ISBN :
Возрастное ограничение : 12
Дата обновления : 20.12.2023
Пусть душа потрудится
Людмила Анисарова
В книгу вошли рассказы, написанные в разные годы (1998 – 2021). Их объединяет желание автора видеть мир более совершенным и счастливым. И ещё – уверенность в том, что каждому человеку нужно успеть найти свою дорогу к Храму.
Людмила Анисарова
Пусть душа потрудится
Пусть душа потрудится
У Маши обнаружилась бабушка! Бывает же… Росла себе Маша росла у мамы под крылышком, девять классов окончила, теперь вот в художественном училище учится, на второй курс перешла. И вдруг – бабушка, откуда, можно сказать, ни возьмись. Дело в том, что папы у Маши не было. Ну, в смысле, они с мамой расстались ещё до её рождения. Мама была детдомовской, поэтому и вышло так: мама да Маша, Маша да мама – и никого больше. Мама у Маши необыкновенная. Во-первых, красавица. Маша с детства её портреты карандашами рисовала, а теперь она смотрит с Машиных акварелей синими глазами – и нет для Маши никого лучше. Во-вторых, мама помешана на книжках. Она библиотекарь. Книгами у них завален весь дом. Когда Маша была маленькой, мама ей всё время читала, потом – тоже, потому что самой Маше было лень. Любви к чтению так и не возникло. Мама от этого страдала. Мама много от чего страдает. Впечатлительная она у неё слишком.
Теперь про бабушку. Не случайно, оказывается, Маша в художественное пошла. Бабушка-то, мама папы, которого Маша так никогда и не увидела, художницей оказалась. Вот так. Как она их с мамой нашла – история длинная. Но вот нашла. И пригласила Машу в гости. И теперь Маша спит на раскладушке – в настоящей мастерской настоящей художницы. Вдоль стен на специальных стеллажах – холсты, большие и маленькие. Бабушка, кстати, на бабушку не похожа вовсе. Она такая… как бы это сказать, совсем не старая женщина, худенькая, быстрая, с короткой стрижкой… с ней легко и просто.
Маша проснулась рано. Начала думать про всё сразу, как обычно. И получалось, что сейчас счастливее неё и нет никого. А раньше, хоть и мама у неё лучшая на свете, всё казалось, что судьба недодала им слишком многого. Зато теперь – просто через край. К лучшей маме – такая бабуленция в придачу. Улёт! Нет, ну правда же, слово бабушка с ней никак не вяжется. Лена – так она велела себя называть. И Маше это очень даже нравится. Разговоры у них, конечно, про училище, про живопись. Маше, честно говоря, ужасно стыдно от того, что она многого не знает. Ладно, ничего, у неё ещё вся жизнь впереди – это Лена так говорит.

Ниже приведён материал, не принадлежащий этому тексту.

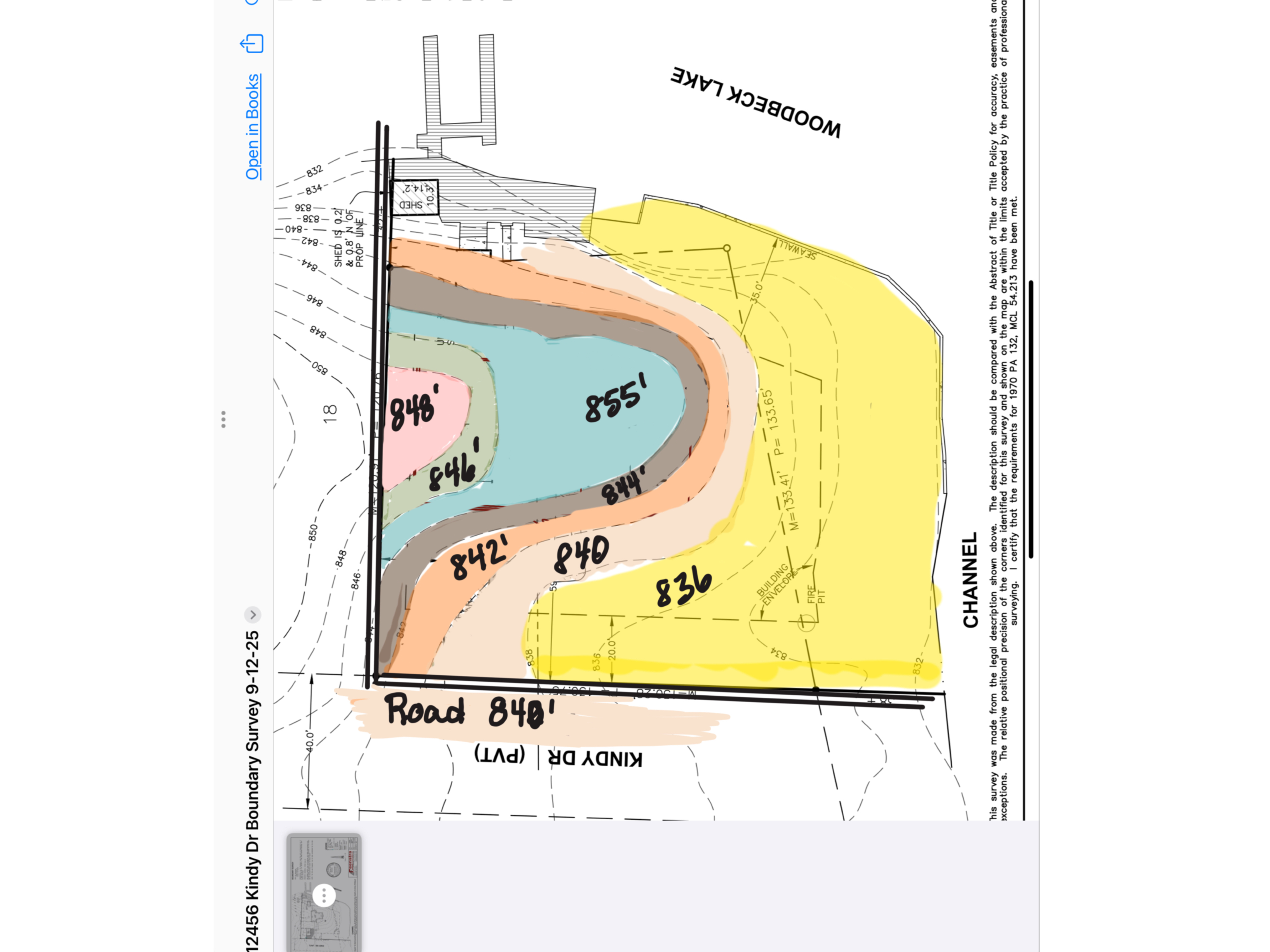 please take this topographical property survey and show me a 3d view of how the property slopes by the colors shown with the dimensions also noted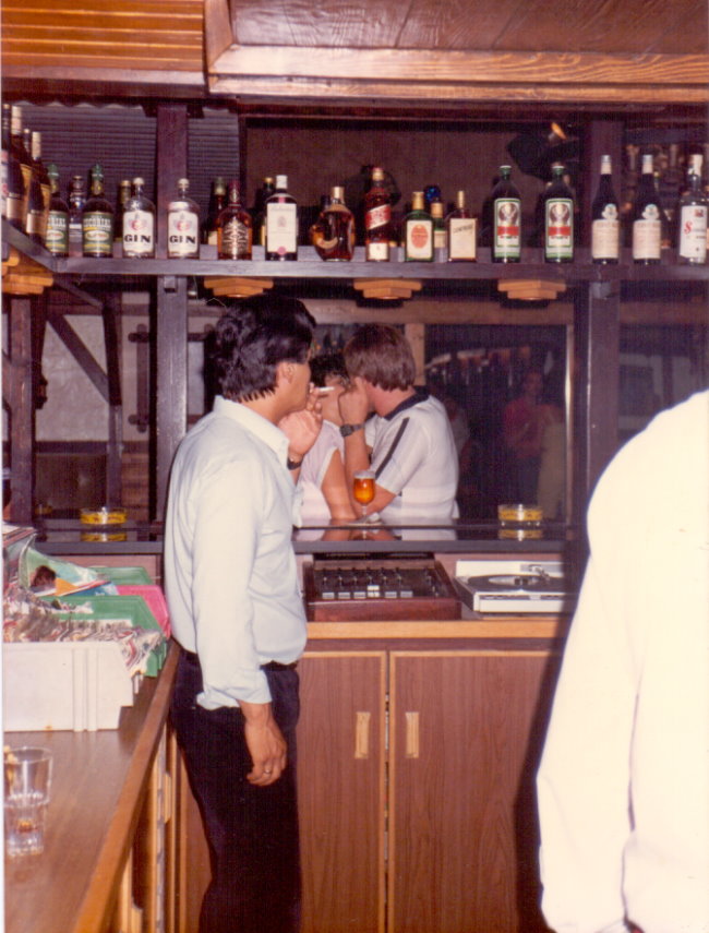 Während Inhaber und DJ Dave sich genüsslich ein „Flüppchen“ reinzieht, geht man an der Theke im Hintergrund den wahren Absichten eines Disko-Besuches nach: Dem Kennenlernen über die Zunge. 🙂

Вставать не хотелось. Поваляется ещё немного. Маша привычно потянулась за смартфоном. Ну и зависла там, ясное дело. Пока всё пересмотришь, пока все комменты перечитаешь, да свои вставишь… В общем, затянуло. Лена заглядывала несколько раз:
– Машенька, доброе утро! Завтракать!
– Лена, ну ещё чуть-чуть! Ну пожалуйста-а-а, – ныла в ответ Маша.
Лена расстроенно пожимала плечами. Разочаровывала её внучка. Как все, с телефоном не расстаётся. Поговорить толком не получается. А ведь умненькая девчонка. И не без способностей. Работы у неё интересные. Показывала в смартфоне своём.
О, появилась наконец!
– А что это у нас с лицом?
– Телефон накрылся. Погас и всё. Старый уже.
Внучка втайне надеялась, что появившаяся в её жизни бабушка на новый смартфон и подкинет.
– Ничего, Машенька! Купим новый.
Та-да-а-м! Ура-ура! Девчоночья душа ликовала. Маша давно знала, какой смартфон ей нужен. Дорогой, конечно. Интересно, потянет Лена или нет? Должна. Она свои картины туристам продаёт. Говорит, покупают. Так что… Ура! Только вот… Как вытащить всё из старого? Там же вся Машина жизнь! Абсолютно вся! И как дожить до покупки нового телефона? А вдруг со старого уже ничего не перекинешь? Ужас…
Маша начала бить рукой по стене. Начиналась истерика. Лена перепугалась не на шутку. Ох, ничего себе…
– Маш, прошу тебя, успокойся! Мамин же телефон есть у нас – это главное. Позвоним, предупредим. А всё остальное…
– Ты ничего не понимаешь! – кричала Маша. – Там всё, всё, всё! Это у тебя старьё кнопочное!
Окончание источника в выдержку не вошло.